Tuesday, September 9, 2008

one of my favourite songs,

One, you're like a dream come true.
i need to yell out loud now.
give me a break please. a few hours out at night. need to feel the night breeze. gotta feel the support and love. or a long bus ride, even silent bus rides. a talk, a chat. something. anything.


Two, just wanna be with you
WHY ARE YOU SO CRUEL. why are you denying me of every single thing that can keep me going.
i know you're sad but so am i. friends, what are friends? we're not friends. we're simply strangers who always end up hurting each other. if you think asking me to forget helps, can i tell you i've tried damn hard but it didnt work. can i ask you for your help. you said you wont ignore me, you said so.

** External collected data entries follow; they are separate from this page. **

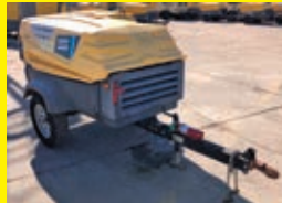
LOT 288: 2018 ATLASCOPCO XAS185KD7 FT4 SN:HOP057069 John Deere diesel engine, 185CFM, trailer mounted.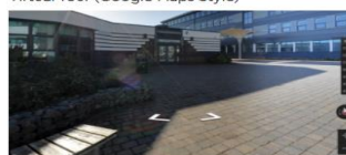
Virtual Tour (Google Maps Style)

This tour allows you to select the rooms and blocks to have a self-guided "Google Map" style tour around the school.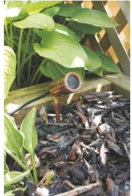
Copper Microspot Spike with optional E4011 glare louvre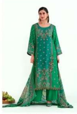
ELEN | 2818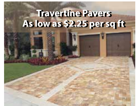
Travertine Pavers As low as $2.25 per sq ft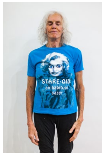
Untitled (Shirtstorm) T-shirt, mixed media printing Dimensions variable 2017 Not for sale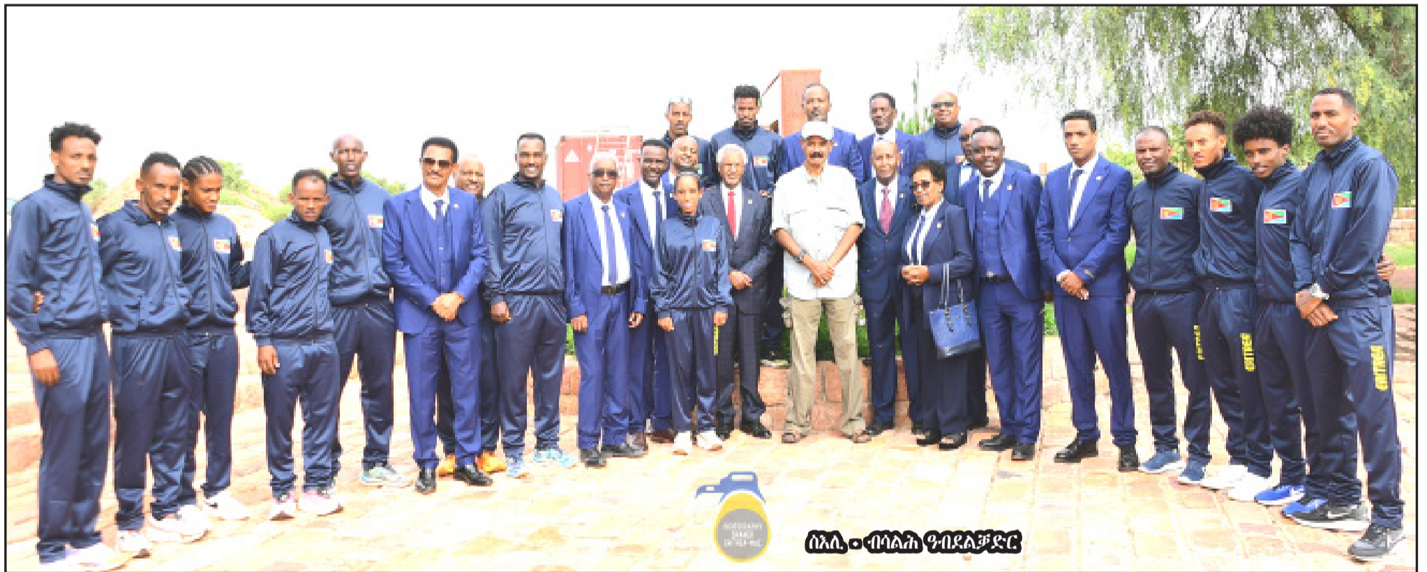
ሰኢሊ - ብሳይያስ ምንጽቱ ገለጹ

ፕሮጀክት ኢሳይያስ ኣፈጻጸሙ ኣብ ውድድራት ኣሎምፕክ ጋንታ ኣርገራ ገጹ። ኣብ ሰባት ግሥ ኣብ ዓይኡ ተቐብሎ ሰናይ ምንጽቱ ገለጹ። ኣብቲ ኮሚሽን ባህርን ስፕርትን ኣምሳይ ዘመደ ተክሎ ኮሚሽን ኣብዮት ፈጻሚነት ሃገራዊ ኮሚሽን ኣሎምፕክ ዝተረጎሙ ስራታት፡ ፕሮጀክት ኢሳይያስ ኣብዞም ቅጽጽ፡ ዘሎ ውሳኔ ናይ ስፕርት ሃገራዊ ሰናይ ምንጽቱ ገለጹ።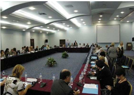
Global March Against Child Labor Pan –European and Maghreb region, Sofia, 15 to 18 September

The conference of the Global March Against Child Labor Pan - European and Maghreb region took place in Sofia from 15 to 18 September.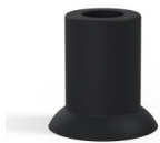
Variant reference: 5 10NI A

Three, girl it's plain to see, that you're the only one for me
im sorry im sorry im sorry. i didnt want things to turn out this way. im really sorry. i want you to be who you're before you met me. im sorry, and i really wish apologies can do anything to help. sorry.
im screwing up my life, cca screwed, studies screwed promos are coming, spa what else. and im doing nothing but letting tears run dry.



Four, repeats steps one through three
i hate myself for who i was and i am. i hate you. i hate everything that i've done to make you cry. i hate everything i didnt do to make you smile. i hate myself for being so foolish for being so weak for believing in forever. i hat myself for even being here. i hate this world for its cruelty. i hate time for making people forget, for making everyone's memories fade except mine. i hate myself or being so emotional. i hate myself for enterinf your life. i hate myself for not letting you go. i hate myself for letting things start and end. i hate i hate i hate me cos i am me.rjfihshesoijoef0eq
Five, make you fall in love with me





If ever I believe my work is done,
help, please pleaese.




Then I start back at one.



NOW YOU CAN PRETEND THAT I DONT EXIST.